| What is needed |
From the first line to the last, copy the listing exactly and omit the images.

| Information provided |
################
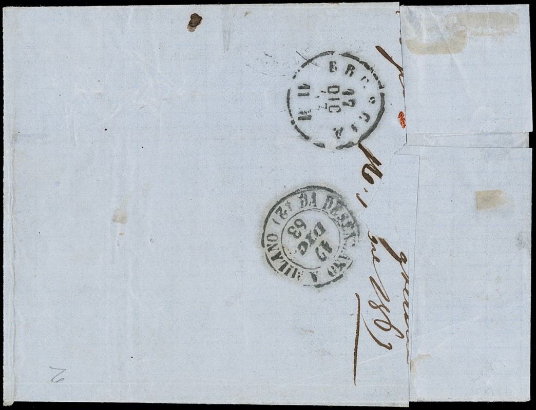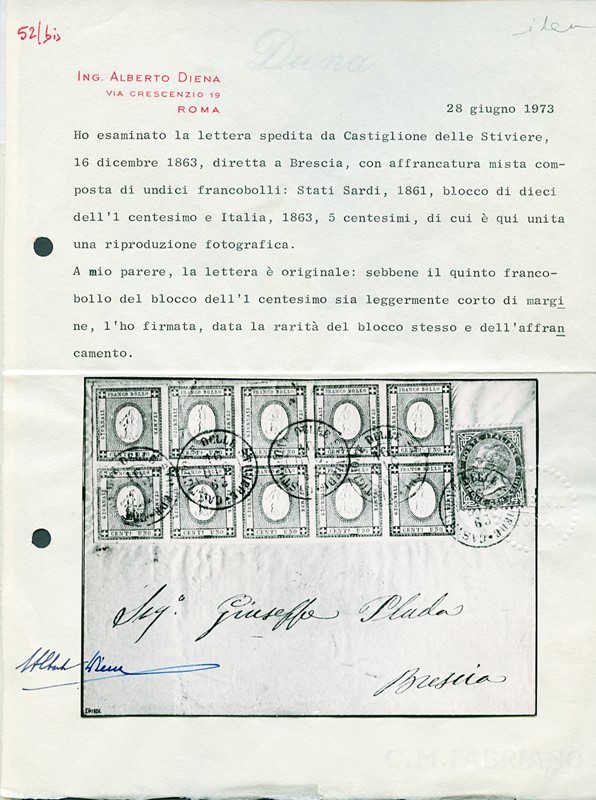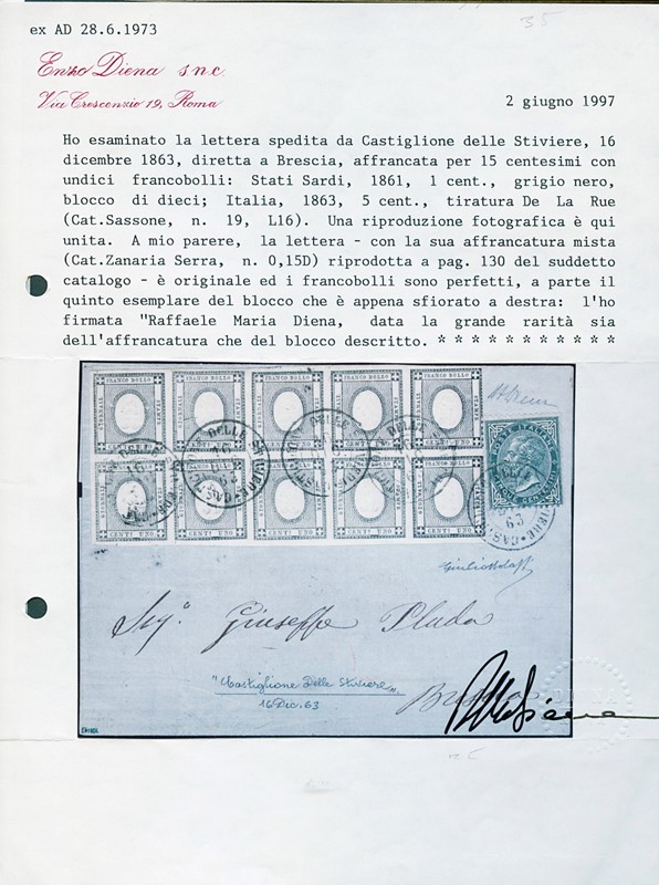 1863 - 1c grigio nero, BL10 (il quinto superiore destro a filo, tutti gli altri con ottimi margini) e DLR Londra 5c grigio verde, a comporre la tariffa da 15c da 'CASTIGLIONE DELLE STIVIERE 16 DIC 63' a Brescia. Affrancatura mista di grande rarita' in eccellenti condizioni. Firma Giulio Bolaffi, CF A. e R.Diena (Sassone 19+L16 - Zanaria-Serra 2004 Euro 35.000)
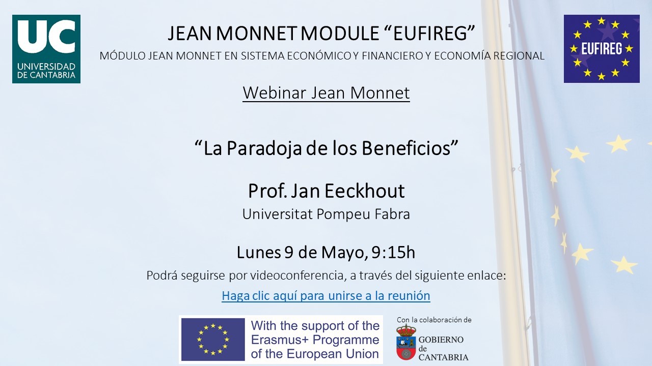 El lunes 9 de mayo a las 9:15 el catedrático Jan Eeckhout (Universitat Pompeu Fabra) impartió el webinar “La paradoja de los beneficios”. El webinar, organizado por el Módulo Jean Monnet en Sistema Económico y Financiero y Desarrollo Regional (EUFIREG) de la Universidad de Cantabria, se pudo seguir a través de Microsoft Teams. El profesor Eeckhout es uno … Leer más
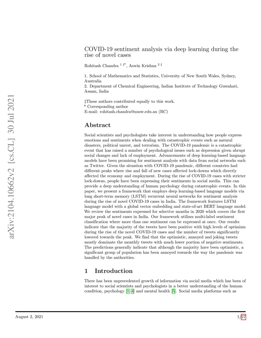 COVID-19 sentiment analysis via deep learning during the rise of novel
################
| Expected output |
 1863 - 1c grigio nero, BL10 (il quinto superiore destro a filo, tutti gli altri con ottimi margini) e DLR Londra 5c grigio verde, a comporre la tariffa da 15c da 'CASTIGLIONE DELLE STIVIERE 16 DIC 63' a Brescia. Affrancatura mista di grande rarita' in eccellenti condizioni. Firma Giulio Bolaffi, CF A. e R.Diena (Sassone 19+L16 - Zanaria-Serra 2004 Euro 35.000)
 El lunes 9 de mayo a las 9:15 el catedrático Jan Eeckhout (Universitat Pompeu Fabra) impartió el webinar “La paradoja de los beneficios”. El webinar, organizado por el Módulo Jean Monnet en Sistema Económico y Financiero y Desarrollo Regional (EUFIREG) de la Universidad de Cantabria, se pudo seguir a través de Microsoft Teams. El profesor Eeckhout es uno … Leer más
 COVID-19 sentiment analysis via deep learning during the rise of novel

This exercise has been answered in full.